When it comes to issues regarding children – custody, access, and child support – then the law is the same in cases of divorce, annulment, and separation of common law couples.
With an annulment, it is as if the marriage did not exist. So it would be unlikely that there would be an award for spousal support or property.
In theory it could happen, but the right to spousal support or property would be based on the parties living common law. So, for instance, imagine that Henry and Wilma got married, and lived together for many years. Then Wilma found out Henry was still validly married to another woman in another country. Although the marriage between Wilma and Henry would be void, Wilma would be able to make claims for spousal support and property against Henry, as if they had been a common law couple cohabiting for all those years.
How long does the annulment process take and how much more does it cost than, for example, an uncontested divorce?

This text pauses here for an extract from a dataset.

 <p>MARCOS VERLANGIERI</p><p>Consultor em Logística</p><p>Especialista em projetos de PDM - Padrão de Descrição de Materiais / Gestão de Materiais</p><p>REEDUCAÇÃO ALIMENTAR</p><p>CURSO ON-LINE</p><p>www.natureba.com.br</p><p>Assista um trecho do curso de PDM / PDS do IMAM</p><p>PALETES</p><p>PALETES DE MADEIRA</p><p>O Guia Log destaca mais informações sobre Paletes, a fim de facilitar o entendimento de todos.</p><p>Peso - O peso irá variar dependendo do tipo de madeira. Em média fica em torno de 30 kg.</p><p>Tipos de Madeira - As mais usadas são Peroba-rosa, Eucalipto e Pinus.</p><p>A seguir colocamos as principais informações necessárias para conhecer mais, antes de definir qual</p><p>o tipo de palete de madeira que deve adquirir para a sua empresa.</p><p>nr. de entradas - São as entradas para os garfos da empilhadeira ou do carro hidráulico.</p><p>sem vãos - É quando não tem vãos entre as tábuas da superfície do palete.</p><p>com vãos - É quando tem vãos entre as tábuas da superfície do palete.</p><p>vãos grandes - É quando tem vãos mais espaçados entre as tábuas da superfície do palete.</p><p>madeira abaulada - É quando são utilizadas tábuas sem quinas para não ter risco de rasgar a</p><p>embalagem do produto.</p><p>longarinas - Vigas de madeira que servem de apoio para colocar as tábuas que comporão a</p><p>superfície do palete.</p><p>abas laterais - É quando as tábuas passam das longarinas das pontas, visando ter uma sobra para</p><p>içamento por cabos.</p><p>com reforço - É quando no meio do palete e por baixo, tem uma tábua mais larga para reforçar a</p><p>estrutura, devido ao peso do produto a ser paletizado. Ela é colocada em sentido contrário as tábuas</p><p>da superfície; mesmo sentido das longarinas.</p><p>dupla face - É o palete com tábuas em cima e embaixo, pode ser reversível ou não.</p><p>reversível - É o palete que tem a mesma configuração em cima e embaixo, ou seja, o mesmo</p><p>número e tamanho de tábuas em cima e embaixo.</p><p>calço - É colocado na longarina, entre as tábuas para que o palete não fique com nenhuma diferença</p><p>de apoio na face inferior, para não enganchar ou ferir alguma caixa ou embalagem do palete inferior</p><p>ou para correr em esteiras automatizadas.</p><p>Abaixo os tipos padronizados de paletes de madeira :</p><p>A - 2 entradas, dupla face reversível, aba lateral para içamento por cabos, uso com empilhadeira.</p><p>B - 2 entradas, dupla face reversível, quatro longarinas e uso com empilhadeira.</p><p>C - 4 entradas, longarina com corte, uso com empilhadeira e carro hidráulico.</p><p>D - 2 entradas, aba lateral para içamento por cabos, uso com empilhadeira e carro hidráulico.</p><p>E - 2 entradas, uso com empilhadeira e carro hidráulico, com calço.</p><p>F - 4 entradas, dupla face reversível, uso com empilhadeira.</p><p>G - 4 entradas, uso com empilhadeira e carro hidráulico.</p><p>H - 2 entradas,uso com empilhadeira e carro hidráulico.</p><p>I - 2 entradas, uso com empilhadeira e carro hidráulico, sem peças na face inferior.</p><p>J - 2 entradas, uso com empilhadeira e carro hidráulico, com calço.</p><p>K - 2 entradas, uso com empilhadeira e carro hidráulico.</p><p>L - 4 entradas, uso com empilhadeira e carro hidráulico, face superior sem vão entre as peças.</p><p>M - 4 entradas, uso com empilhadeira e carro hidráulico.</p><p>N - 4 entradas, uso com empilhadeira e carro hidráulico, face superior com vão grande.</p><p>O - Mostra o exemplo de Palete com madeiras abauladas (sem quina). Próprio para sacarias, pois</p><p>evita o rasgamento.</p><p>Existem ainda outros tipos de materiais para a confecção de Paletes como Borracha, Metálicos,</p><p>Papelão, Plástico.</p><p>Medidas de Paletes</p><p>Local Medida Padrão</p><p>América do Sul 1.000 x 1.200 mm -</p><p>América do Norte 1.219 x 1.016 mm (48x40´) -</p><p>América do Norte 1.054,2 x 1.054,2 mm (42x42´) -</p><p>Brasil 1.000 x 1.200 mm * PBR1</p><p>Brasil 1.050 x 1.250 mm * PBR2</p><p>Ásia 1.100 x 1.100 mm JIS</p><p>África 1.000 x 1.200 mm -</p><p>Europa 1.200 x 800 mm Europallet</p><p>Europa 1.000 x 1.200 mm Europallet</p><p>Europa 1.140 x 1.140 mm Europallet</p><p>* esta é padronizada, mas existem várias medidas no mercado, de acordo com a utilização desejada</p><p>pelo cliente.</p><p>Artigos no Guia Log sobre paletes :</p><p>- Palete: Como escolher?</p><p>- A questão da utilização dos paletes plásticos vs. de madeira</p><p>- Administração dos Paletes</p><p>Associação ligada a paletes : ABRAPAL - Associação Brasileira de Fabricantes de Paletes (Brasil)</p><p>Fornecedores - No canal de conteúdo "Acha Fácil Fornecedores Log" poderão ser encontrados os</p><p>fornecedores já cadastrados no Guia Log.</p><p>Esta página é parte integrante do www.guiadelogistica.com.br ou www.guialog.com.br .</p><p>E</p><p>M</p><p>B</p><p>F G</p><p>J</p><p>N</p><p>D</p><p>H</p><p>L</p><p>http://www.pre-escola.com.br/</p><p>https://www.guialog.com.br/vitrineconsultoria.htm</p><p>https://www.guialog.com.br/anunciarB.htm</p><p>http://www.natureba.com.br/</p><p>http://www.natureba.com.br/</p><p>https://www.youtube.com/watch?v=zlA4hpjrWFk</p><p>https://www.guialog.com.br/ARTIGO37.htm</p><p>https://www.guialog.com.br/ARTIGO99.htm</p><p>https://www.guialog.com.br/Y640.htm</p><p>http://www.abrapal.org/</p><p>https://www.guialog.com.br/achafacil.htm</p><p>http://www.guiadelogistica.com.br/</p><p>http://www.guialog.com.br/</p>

It takes the normal length of time any family law case would take to go through the courts. That is going to depend on how busy your local court is. However, typically, you would be looking at several months to a year or more, even if the annulment is uncontested. If it is contested, it will take even longer.

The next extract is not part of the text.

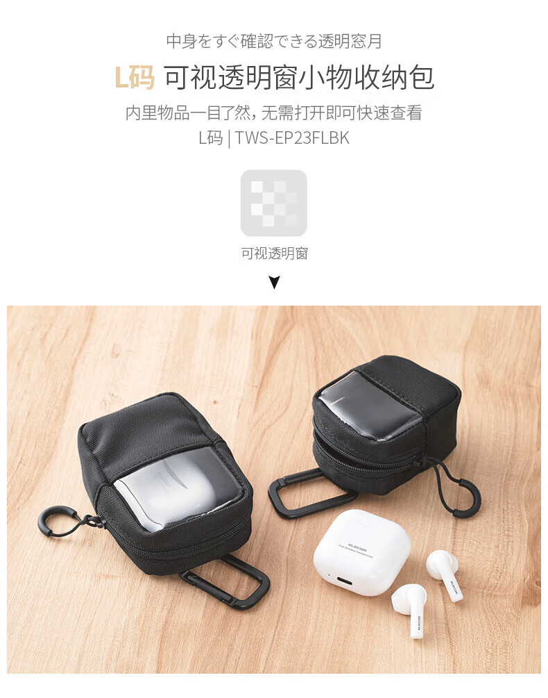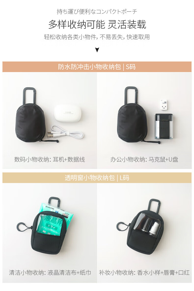 ELECOM school bag pendant decoration coin purse small storage bag key bag headphone bag data cable portable small bag pain bag baby bag L size | transparent window small bag

As for costs, it is going to depend on how complicated your case is. These cases tend to be complicated, as often the marriage occurred in a foreign jurisdiction and proof of foreign law is needed, or medical expert evidence is required regarding inability to have sex. So, the cost for even an uncontested annulment is going to be orders of magnitude more than the costs of an uncontested divorce.
What are some examples of situations you’ve deal with where an annulment was appropriate and granted?
The most common one would be where the client’s spouse was still validly married to someone else in another country.
Another situation is where the client was in a marriage arranged by his parents and his wife was unable to consummate the marriage.
What is considered a “shotgun wedding” that can be annulled – I’m interested in the thinking about why those qualify.
This basically means someone agreed to marry because of force. So the stereotype is a man gets a woman pregnant, and the woman’s dad tells the man to marry his daughter or else he will be shot. This was likely more common a long time ago then it is today.